According to I.D. Code § 5-219(4), an adult victim of sexual abuse has only 2 years from the date of the abuse to file a civil lawsuit for damages. The clock begins ticking on the day the abuse occurs. Again, if you are abused multiple times over the course of a longer period, our Idaho sexual abuse lawyers can calculate your deadline from the date of the most recent abuse.

Tolling the Statute of Limitations for Sexual Abuse Civil Claims in Idaho

The statute of limitations on almost any claim is rigid but not completely inflexible. There are specific, limited circumstances in which a plaintiff may have the deadline tolled and buy themselves additional time to file their claims. Below are just a few examples of tolling. Talk to your attorney if you believe you need additional time to file.

Criminal Prosecution

Sexual abuse almost always overlaps with criminal offenses. Many plaintiffs find that they must delay civil action while criminal action is pending. It is not unusual for criminal proceedings to drag on for a long time, sometimes years. The statute of limitations may be tolled to prevent injured plaintiffs from missing the filing deadline for a civil claim.

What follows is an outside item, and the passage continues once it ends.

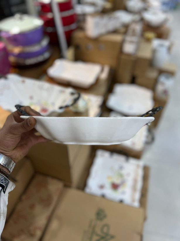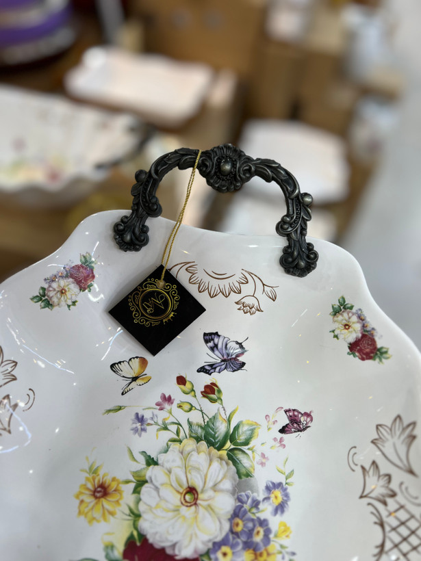 میوه خوری و اجیل خوری دسته دار بیضی مارک انایی قابل شستشو در ماشین ظرفشویی طرح کل سرخی با پخت کوره ای و رنگ ثابت با جعبه شیک مناسب هدیه و کادو
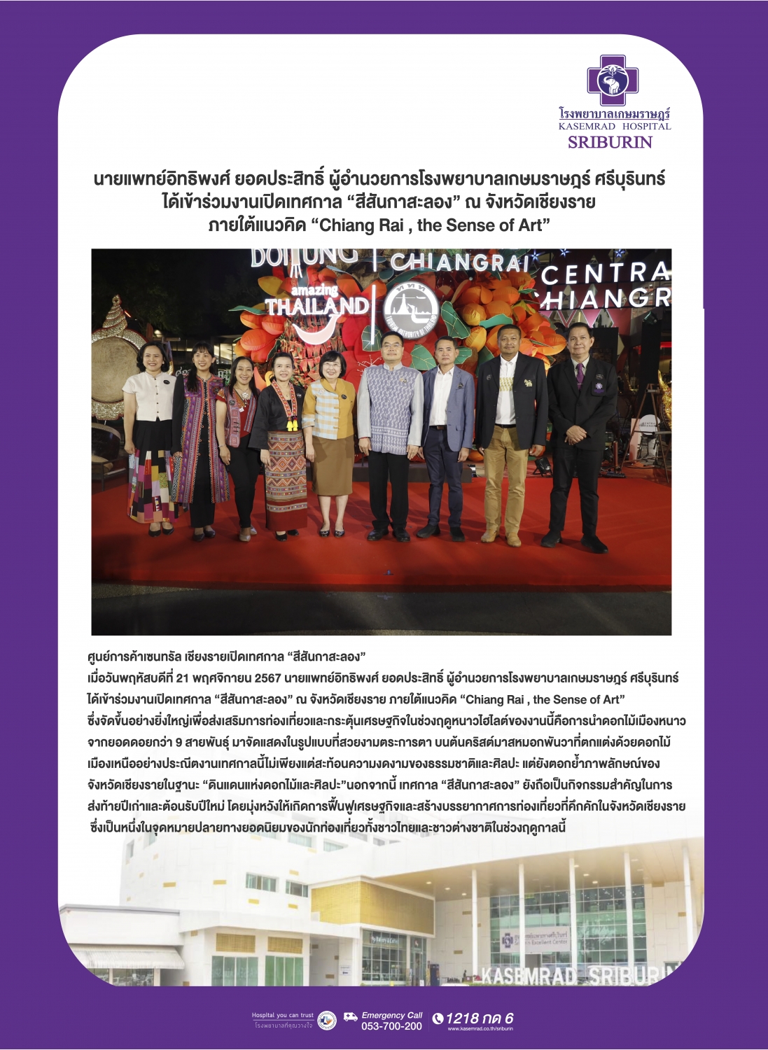 นายแพทย์อิทธิพงศ์ ยอดประสิทธิ์ ผู้อำนวยการโรงพยาบาลเกษมราษฎร์ ศรีบุรินทร์ได้เข้าร่วมงานเปิดเทศกาล “สีสันกาสะลอง” ณ จังหวัดเชียงราย ภายใต้แนวคิด “Chiang Rai , the Sense of Art”

Under I.D. § 5-248(1), plaintiffs have until 1 year after the defendant has served a criminal sentence in full satisfaction to file a civil lawsuit. Essentially, if you report the abuse and the defendant is cranially prosecuted and found guilty, you have 1 year from the date their sentence is completely over to file a civil lawsuit. In cases of very severe abuse, defendants might go to prison for years. As such, plaintiffs might have quite a long time to prepare their claims.

Legal Disabilities

You may also have the deadline tolled if you were under a legal disability when the abuse occurred. A legal disability is usually some mental condition that inhibits a person from understanding how they have been injured or their legal rights.

According to I.D. § 5-230, the statute of limitation is tolled under the disability ends. This might be an indeterminate amount of time, but tolling in this situation cannot account for more than 6 years.

Disabilities must be present when the cause of action arises. This means the disability must exist when the sexual abuse occurs.